C’est pas ça. Je trouve qu’il a beaucoup de talent. Pour être honnête j’ai mis du temps à rentrer dans Drake… « Rentrer dans Drake », c’est balourd comme formule, sorti du contexte. Dégueulasse [Rires]. J’ai mis du temps à rentrer dans l’artis… Hum.

Dans son univers [Rires]
Voilà. En écoutant je trouve qu’il a beaucoup de talent en fait, l’enculé. Il fait son truc très bien. Mais la phrase « ils veulent miauler comme Drake », c’est parce que j’avais l’impression que du coup tout le monde voulait chanter, ça me saoulait un peu.

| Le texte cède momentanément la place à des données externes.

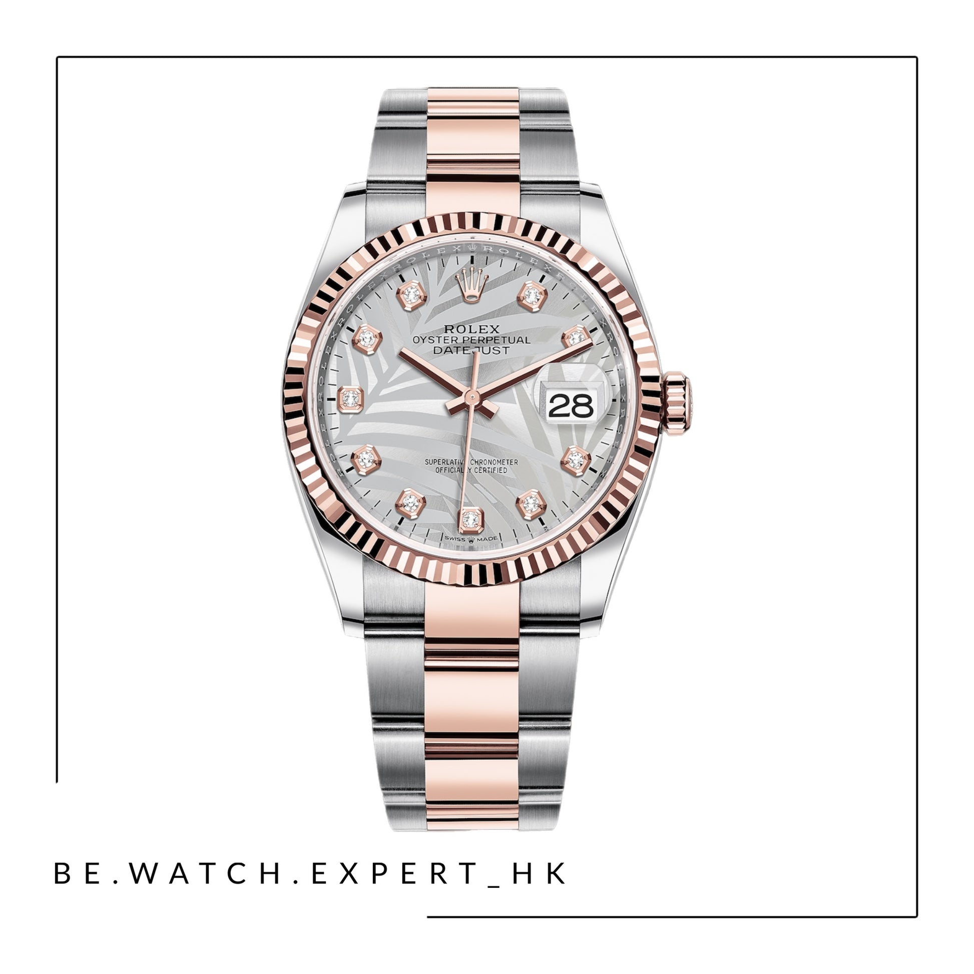 永恒玫瑰金及蠔式鋼款,搭配鑲鑽銀色棕櫚葉圖案錶面及蠔式錶帶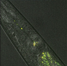 nanoparticles inside worms. Left: Scanning electron microscopy,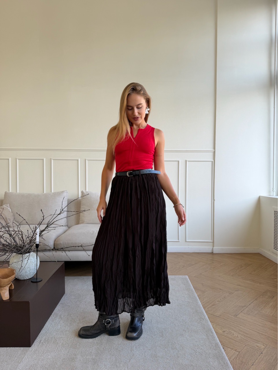 Универсальный дизайн легко вписывается в повседневный и вечерний гардероб: сочетайте с юбкой с высокой талией или прямыми брюками для сдержанного образа, либо с джинсами и эффектными украшениями для более непринуждённого стиля. Топ подчёркивает силуэт и служит стильной основой для многослойных комбинаций и сезонных экспериментов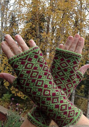 These fingerless gloves are stranded throughout so you have a double layer of warmth to keep your hands warm while you text to your friends! The braided edgings give a bit of pop and are very easy to do!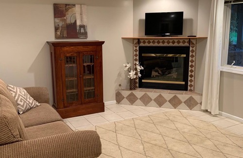 Enjoy the privacy of this fully furnished one bedroom in-law suite. This first floor suite of our home in comfortably spacious with a private entrance, bedroom, living room, kitchenette and bath. The porch with a view of the private pond is a great place to enjoy a fresh morning coffee or the evening breeze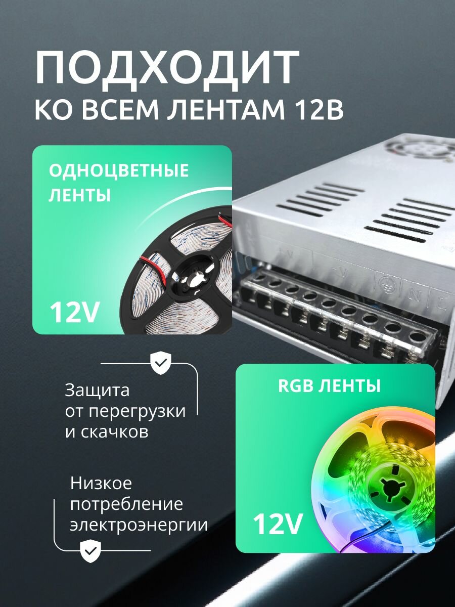 Блок питания для светодиодной ленты влагозащищенный 12V, 250W, IP20, 20.8A DIGSLED

Ça fait quand même beaucoup de phases qui reprennent des réponses que tu m’avais faites y’a 6 mois. Tu peux pas dire à tout le monde que c’est mes questions qui t’ont inspiré tout ça ?
[Rires] Ah non, ça va pas le faire.

Très bien. Sur « Faute de français », tu penses que ça va marcher, que les jeunes vont prendre ton feat pour Maître Gims ?
Dokou ? Vocalement j’ai pas senti ça [Il fredonne pour lui-même une seconde du refrain] Non, je trouve pas. Après c’est du ressenti, mais ça m’a pas frappé. Mais pour le coup Gims me dérange pas, il fait son truc.

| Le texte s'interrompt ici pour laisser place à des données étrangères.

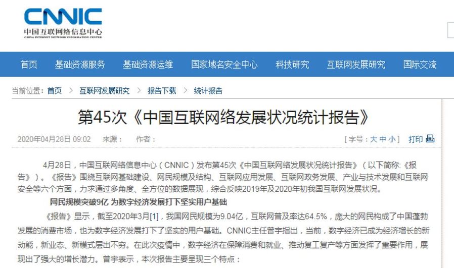 4月28日,中國互聯(lián)網(wǎng)絡(luò)信息中心(CNNIC)發(fā)布第45次《中國互聯(lián)網(wǎng)絡(luò)發(fā)展?fàn)顩r統(tǒng)計(jì)報(bào)告》(以下簡稱:《報(bào)告》)。《報(bào)告》圍繞互聯(lián)網(wǎng)基礎(chǔ)建設(shè)、網(wǎng)民規(guī)模及結(jié)構(gòu)、互聯(lián)網(wǎng)應(yīng)用發(fā)展、互聯(lián)網(wǎng)政務(wù)發(fā)展、產(chǎn)業(yè)與技術(shù)發(fā)展和互聯(lián)網(wǎng)安全等六個(gè)方面,力求通過多角度、全方位的數(shù)據(jù)展現(xiàn),綜合反映2019年及2020年初我國互聯(lián)網(wǎng)發(fā)展?fàn)顩r。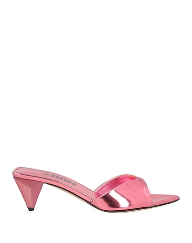 slide sandals, patent leather, metallic, solid color, no appliqués, leather lining, pointed toe, geometric heel, leather sole, contains non-textile parts of animal origin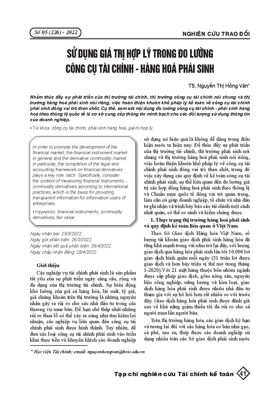 Sử dụng giá trị hợp lý trong đo lường công cụ tài chính - hàng hoá phái sinh = Use of the fair value in measurement of financial instruments - Derivatives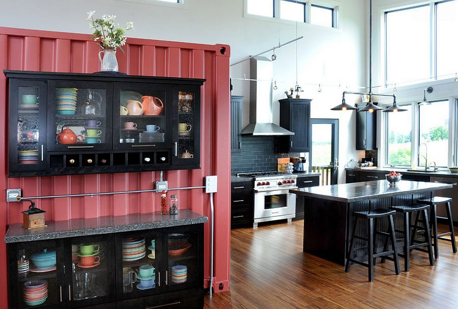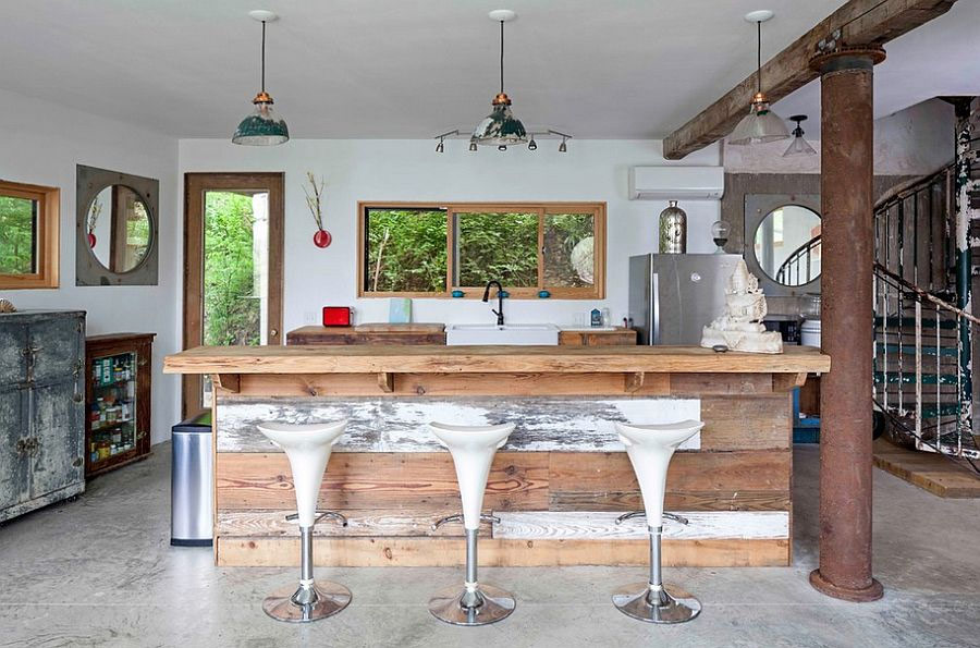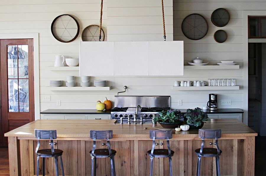 Des tabourets de bar, des lumières inhabituelles et un tableau noir donnent à la cuisine un contraste de texture incroyable (de Bailey General Contracting).

« J’écris des titres trop bavards, de peur de pas en dire assez ». Finalement c’est ça l’explication ?
Oui, il y a de ça. Mais il y a aussi le fait que je suis comme Usain Bolt. Quand il démarre t’as l’impression que c’est toujours le moins rapide, et sur la longueur il dépasse tout le monde. Moi c’est pareil je suis meilleur en longueur. J’estime que je suis meilleur quand j’en dis beaucoup plutôt que l’inverse. J’ai toujours un problème avec les 16 mesures : « j’ai pas dit assez, merde ». Bien sûr il y a aussi le kif : j’aime l’écriture depuis que je suis gamin. J’ai jamais forcé le truc, j’adore ça. C’est pour ça qu’aujourd’hui avec toutes ces tendances où y’a une négation de l’écriture, j’essaie toujours d’avancer là-dessus, parce que c’est ce que j’ai toujours aimé.